Büyük umutlar ve neon ışıkları altında dünya kamuoyuna reklam edilen Prens Muhammed Bin Salman, Yemen’de içine düştüğü çaresizlik ve bataklıktan kolayından kurtulacağa benzemiyor. Faturası artık ödenemez hale gelen savaş dolayısıyla ve petrol fiyatlarındaki hızlı düşüş nedeniyle müttefiklerini savaşın faturasına ortak etmek için Birleşmiş Milletler’e yaptığı başvurudan da bir sonuç çıkmış değil. Çıkması da muhtemel görünmüyor. Yine büyük umutlar bağladığı Kızıldeniz kıyısına inşa edilecek olan 500 milyar dolarlık Neom Şehri projesi de tozlu rafları boylamak zorunda kalmıştır. Ülke ekonomisi için ve ekonominin petrole olan bağımlılığını azaltmak adına yapılmış planların tamamı yurtdışından beklenen yatırımların gelmemesinden ötürü durmuş bir vaziyettedir. Derinleşen ekonomik kriz ve yaratacağı sonuçlar Vahhabi dünyasını uykusuz gecelere mahkum etmiş görünüyor. Çiçeği burnunda Prens’in ve onun ham hayallerine kapılıp, Körfez ülkelerini etkisi altına alarak bölgenin süper gücü olacağına inanan Vahhabi aklının, Bedevi çölünde daha çok halüsinasyon görmesi işten bile değildir.

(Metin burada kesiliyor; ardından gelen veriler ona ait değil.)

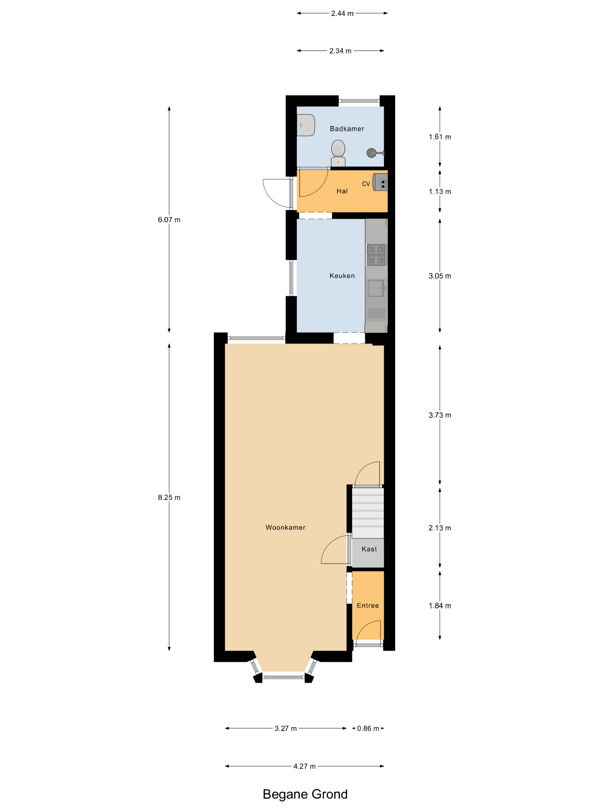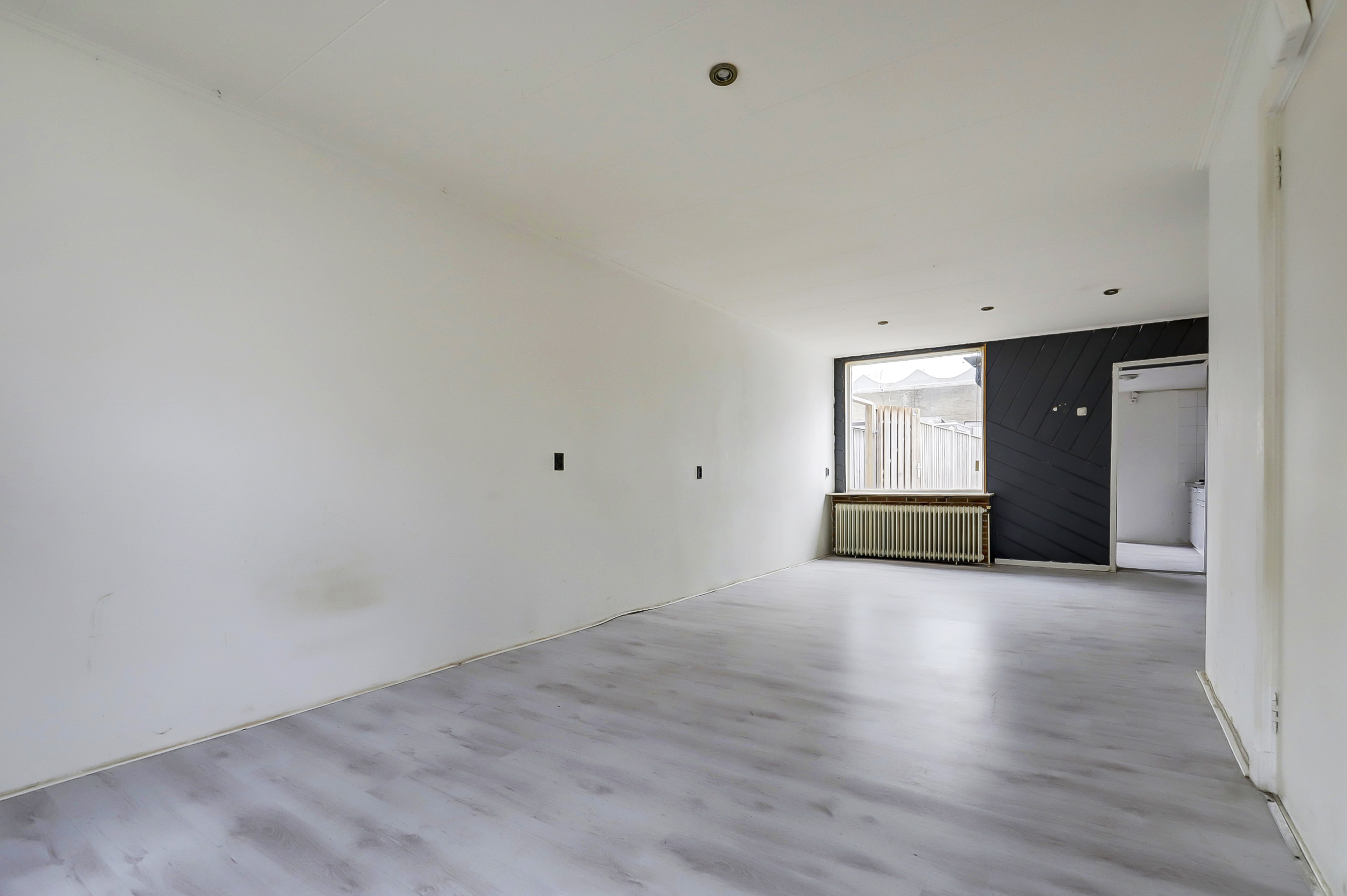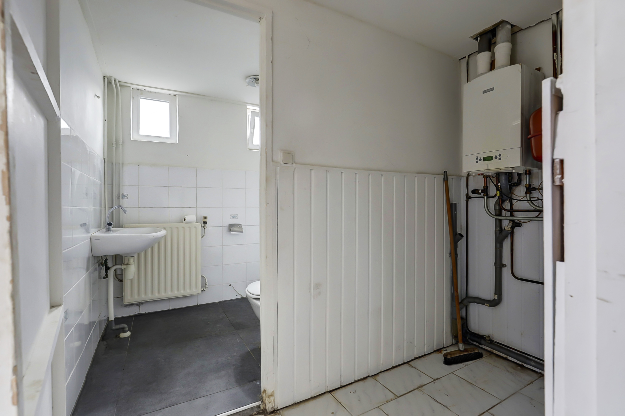 Je komt binnen in de hal, met toegang tot de woonkamer. De woonkamer is lekker licht, ruim (ca. 32 m²) en heeft die kenmerkende erker die meteen sfeer geeft. Aansluitend vind je de keuken (die echt toe is aan vernieuwing) en een bijkeuken met plek voor de CV en wasmachine. De badkamer is eenvoudig en voorzien van een douche, wastafel en toilet.

Körfez ülkelerinin hemen tamamında ve özellikle de Suudi Arabistan’da devlet ve halk arasında bir çeşit yazılı olmayan sözleşme vardır. Bu sözleşmenin en karakteristik yanı, devletin (buradaki devlet aygıtları daha çok monarşik bir yapıya denk düşer ve elit bir politik azınlık tarafından yönetilirler) vatandaşların asgari ihtiyaçlarını karşılamayı üstlenmiş olmasıdır. Petrol gelirleriyle bu zamana dek bu ihtiyaçları karşılamak büyük bir yekûn tutmuyordu. Ne var ki son iki yılda azalan petrol gelirleri artık bu sözleşmenin bittiğine ve kemer sıkma politikalarına geçildiğine işaret etmektedir. Ekonomik girdilerdeki azalmayı sarayın tepesini tutan soytarılar arasındaki iktidar krizi takip etmekte ve toplumsal düzlemdeki parçalanmayı ise komşuları ile aralarında derinleşen çatışma hali tamamlamaktadır.
Bir kez daha vurgulamak gerekir ki emperyalist işbirlikçi karakteriyle Suudi Krallığı ve onun temsil ettiği Vahhabi inanç dünyası, bütün bir Ortadoğu coğrafyasının kaderiyle oynayan, bölgenin kalbine saplanmış zehirli bir hançerdir ve sökülüp atılmalıdır. Başından sonuna emperyalist bir projedir ve bölgedeki zenginliğin emperyalist metropollere taşınmasının taşeronudur.
Sözünü ettiğimiz yazılı olmayan sözleşmenin bir tarafını tutan bu taşeron monarşistler sorumluluklarından sessiz sedasız çekiliyor ve ardından da koca bir enkaz bırakıyorlarsa, sözleşmenin diğer tarafını temsil eden ve daha da yoksullaşacak olan halkın da söyleyecekleri olacaktır. Olası bir halk isyanı durumunda ise bu hem Suudi Krallığı hem de Körfez ülkeleri payına bir son tango anlamına gelecektir.